Memories are shared of Trollope’s schooldays (described by Sir William Gregory as ‘without exception the most slovenly and dirty boy I ever met,’) as well as his physicality and appetites (the first remark he made was ‘I have walked up from Cardiff’ – a distance of 24 miles. ‘Any hotels here; which is best?’ I directed him; and, as he marched out, still at a six mile-an-hour-stride, he said, ‘back soon, going to have a raw beef steak.’)[2] The reminiscences also show Trollope continually in trouble with his superiors for insubordination and unpunctuality, ‘which he seems to think was fairly compensated by his energy when he set to work,’ and, interestingly, glimpses into his method of writing.[3] Over dinner Trollope explained to James Russell Lowell how he rises at five (at four on hunting mornings) and completes the same number of pages before breakfast every day, writing ‘just like a shoemaker (works) on a shoe, only taking care to make honest stiches.’[4] It was Trollope’s ability to write anywhere and at any time that indirectly brought him into conflict with his superiors and nearly led to him to be summarily dismissed.

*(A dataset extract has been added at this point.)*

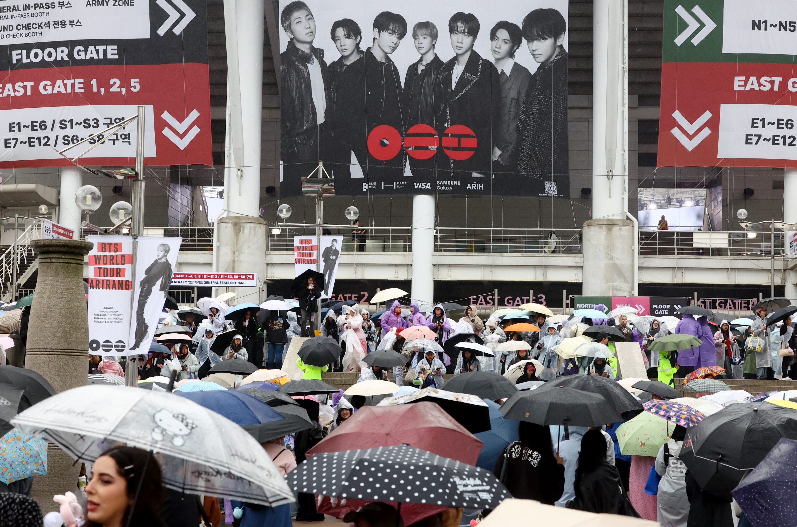 눈꽃 대신 강한 봄비가 내리는 9일 오후 경기 고양 고양종합운동장 주경기장 앞. 형형색색 우산을 든 글로벌 슈퍼 그룹 ‘방탄소년단'(BTS) 팬덤 ‘아미’들은 궂은 날씨에도 설렘이 가득했다.
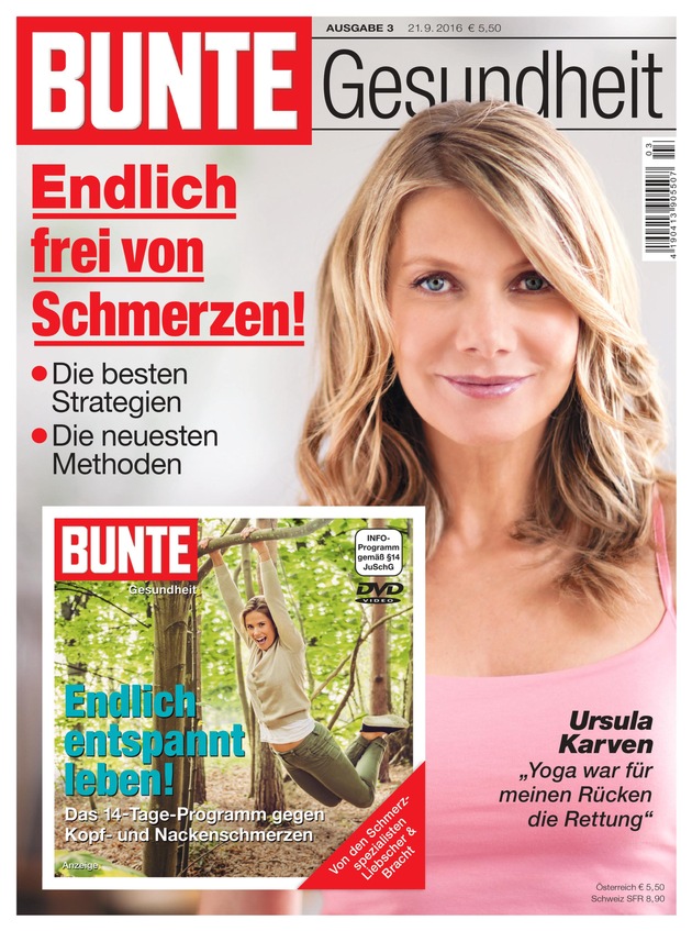 Nach zwei erfolgreichen Ausgaben (#1 Rücken; #2 Haut) folgt am 21. September das dritte Sonderheft aus der Reihe Bunte Gesundheit. Diesmal steht das Thema "Schmerz" im Fokus der Berichterstattung. Das Heft bietet fundierte Gesundheitsberichte und viele praxisbezogene Themen mit der für Bunte typischen Nähe zu Prominenten. Ursula Karven ziert das Cover - sie erzählt im Interview, warum Yoga ihre Rettung war.

His most autobiographical work, The Three Clerks (1857), was principally written by Trollope in railway carriages when travelling on G.P.O. business.  Of all the characters in the book, Trollope is most closely associated with Charley Tudor. Not only do their early, unpromising careers mirror each other but there are also specific incidents identical to both. Mrs. Davis, the guardian of Charley’s admirer, Norah, appears in his office to challenge him to ‘settle something … when do you mean to marry her?’[5] Similarly, there is an account of Trollope’s discomfort at his office ‘invaded’ by ‘the mother of a girl to whom he had been paying innocent attentions … and addressed him in a loud voice: ‘’Anthony Trollope, when are you going to marry my daughter?”’[6] Charley was ‘deeply, inextricably in debt’, while Trollope, with money problems of his own, formed ‘that intimate acquaintance with the habits of bill-discounters which is written large on half a score of his books.’[7]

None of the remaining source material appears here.